Well, yesterday was an eventful day to say the least. At approx. 9am GMT, a cPanel bug in one of our servers corrupted the DNS zone files. As our DNS works in a cluster, it wasn’t too long before the corrupted zone files were synchronised by each server causing all zone files on all servers to be corrupted. The zone files contain information regarding your DNS settings.
By chance, Chris was able to catch this problem early on. This was by sheer luck that a customer was using dedicated IP’s for his nameserver (thus not on the cluster anymore) on the same server which had the bug first. While he managed to fix a few hundred files, the other servers had already synchronised and so the problem was spread out across most of our systems.
Chris fought with his eyes to keep them open, but eventually he did need his sleep. He delegated the tasks to fix the problem to our 24×7 staff, and the lucky folks on shift were charged with the duties of going through thousands of zone files, checking the integrity and fixing those that need to be fixed.
Whenever we thought we had just about finished, more corrupted files were found. Not to mention the servers still kept synchronising making the job much harder..
Chris woke up not too long later and went straight back to work on fixing those zone files. He, along with the rest of the team did eventually manage to fix all zone files by isolating a server from the cluster and working on that alone. The rebuilt zone files were then copied over to all other servers, and the isolated server was brought back into the cluster.
This was the first major outage we had experienced due to a problem with our systems. Although we had no plan of action, the experience we have gained over the years with dealing with minor problems had prepared us for such an event. Chris delegated tasks to other staff members, and kept charge of the situation, while I handled things on the front and continued to send out updates by email as I received them.

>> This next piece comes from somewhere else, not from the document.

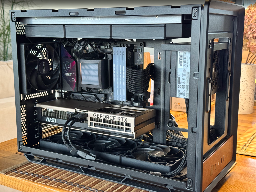 Zasilacz można zostawić przy zmianie obudowy, po prostu podłączysz kartę przez przejściówkę dołączoną do karty. W tej małej budzie byłby to problem z uwagi na mało miejsca na poprowadzenie kabla, ale tutaj spokojnie można użyć adaptera.

Despite the extreme work loads staff were under, we still managed to answer all support tickets in under an hour.
For the most part, all customers were very understandable as they know downtime is really not something which has ever been a concern. We have maintained a steady 99.9% uptime throughout the years we have been around. However, we did receive the odd clients which decided they knew what they are talking about and demanded “answers” and an ETA. I did originally give an ETA based on information I had received, however after it be obvious that the issue is more complex than first anticipated, we stopped giving any ETA whatsoever…
One person in particular moaned about the lack of ETA at first and requested a “ball park” figure – so we gave him one. He then asked for another ETA, but this time, we told him we have no ETA. He for some reason decided that we did have an ETA and so demanded it. He failed to comprehend “I have no ETA” really does mean that we have no ETA. After which, he complained why we gave an ETA out in the first place.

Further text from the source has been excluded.